The Regulations, which are made under section 1 of the Small Business, Enterprise and Employment Act 2015 do not cover financial services contracts: see section 1(3) and (4) of that Act. ‘Financial services’ are defined in section 2 of the Act. Some similar contracts that do not fall under this definition, such as operating leases and derivative contracts, are also excluded from the Regulations.
Regulation 2(1) provides that a term has no effect to the extent that it prohibits or imposes a condition, or other restriction, on the assignment of a receivable. Regulation 2(2) specifies a particular category of contractual terms which, by their impact on an assignee, would have the effect of imposing a condition or other restriction on the assignment. Regulation 2(3) sets out the information that the assignee must be able to obtain in order to determine the validity or value of the receivable or their ability to enforce it.
A contractual right of set-off which the debtor could have exercised against the assignor prior to the assignment or but for the assignment is not a term that imposes a condition or other restriction on the assignment of a receivable for the purposes of these Regulations.
The Regulations do not apply if the person to whom the receivable is owed is a large enterprise or a special purpose vehicle. These terms are both defined in regulation 3. For these purposes a large enterprise is an enterprise which is not a sole trader, partnership or unincorporated association or a company or LLP qualifying as small or medium-sized under the relevant legislation (including bodies incorporated overseas which would so qualify if incorporated in the U.K.).
Regulation 4 excludes various types of contract from the scope of the Regulations, such as where none of the parties has entered into the contract in the course of carrying on a business in the United Kingdom. A contract is also excluded if it has been entered into in connection with or for the purpose of the transfer of all or part of a business (including transitional services agreements, which are contracts to provide services in order to facilitate the transition). For the latter exclusion to apply, the contract must include a statement to that effect.
A full regulatory impact assessment of the effect of these Regulations on the costs of business and the voluntary sector is available from the Department for Business, Energy and Industrial Strategy, 1 Victoria Street, London, SW1H 0ET or from www.gov.uk/beis.

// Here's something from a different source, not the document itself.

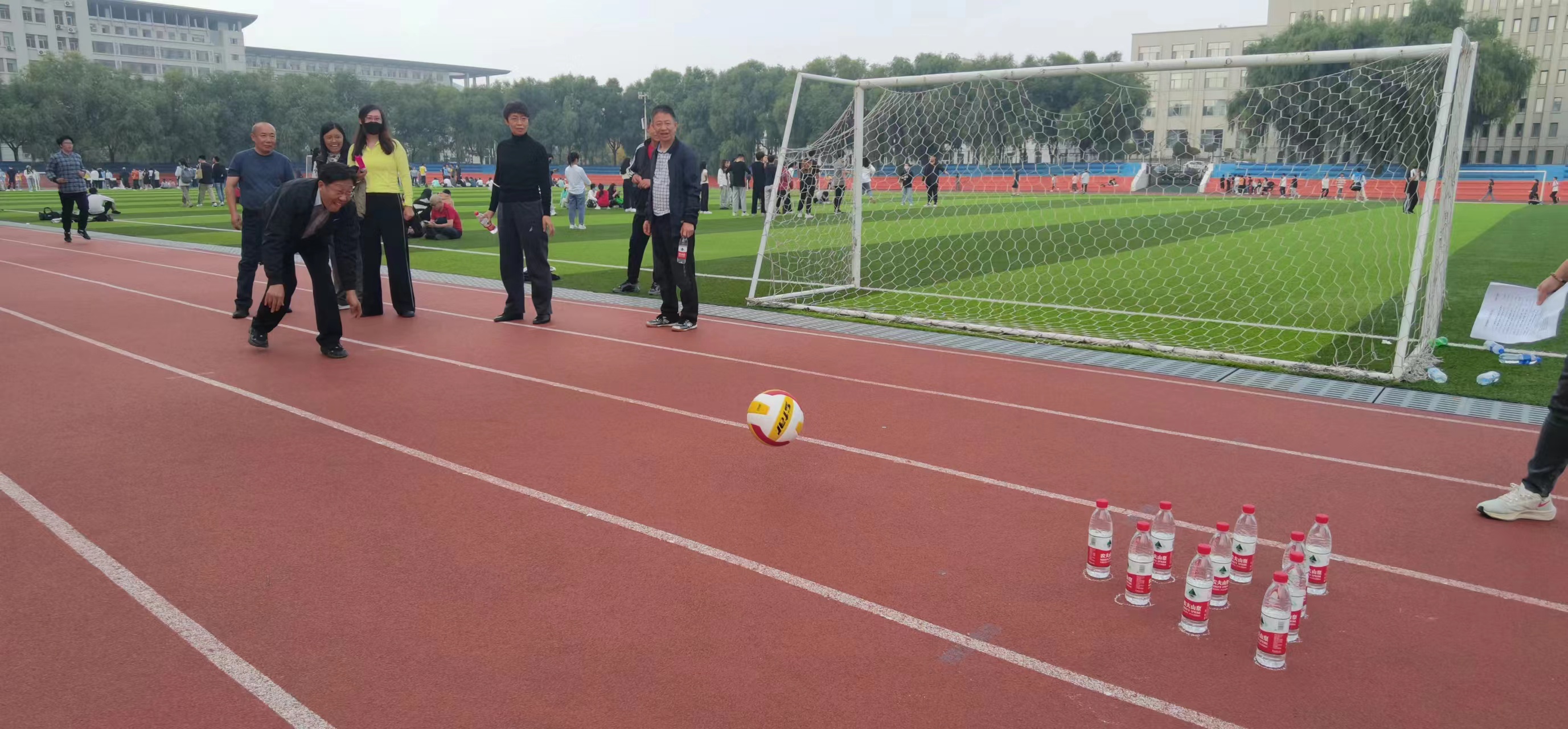 运动会设置了6个游戏项目,分别是“趣味跑接力”、“背靠背夹球”、“趣味保龄球”、“海底捞月”、“踢毽子”、“定点投篮”,均为集体竞赛项目,分组进行比赛。“趣味跑接力”是速度与激情的比拼,;“背靠背夹球”是队员们默契度的考验,;“趣味保龄球”是耐力和精准度的较量;“海底捞月”团队智慧的考验;”“踢毽子”是对快乐的传递;“定点投篮”是经典比赛项目,专注、协作、创新一起收获好成绩。

2006 c. 46. See section 1173(1).
See sections 383 and 466 of that Act.
S.I. 2008/1911, as amended by S.I. 2016/575. See regulations 5 and 26.
1974 c. 39. “Regulated agreement” is defined in section 189(1).
2005 c. 5. “Trading stock” is defined in section 174.
OJ No. L173 12.06.2014, p. 349. The Directive was amended by Regulation (EU) No. 909/2014 of the European Parliament and of the Council of 23 July 2014 (OJ No. L257, 28.08.2014, p.1) and Directive 2016/1034/EU of the European Parliament and of the Council of 23 June 2016 (OJ No. L175 30.06.2016, p. 8).
1986 c. 45. Chapter 4 of Part 3 was inserted by the Enterprise Act 2002 (c. 40), section 250.
2008 c. 32. See section 68.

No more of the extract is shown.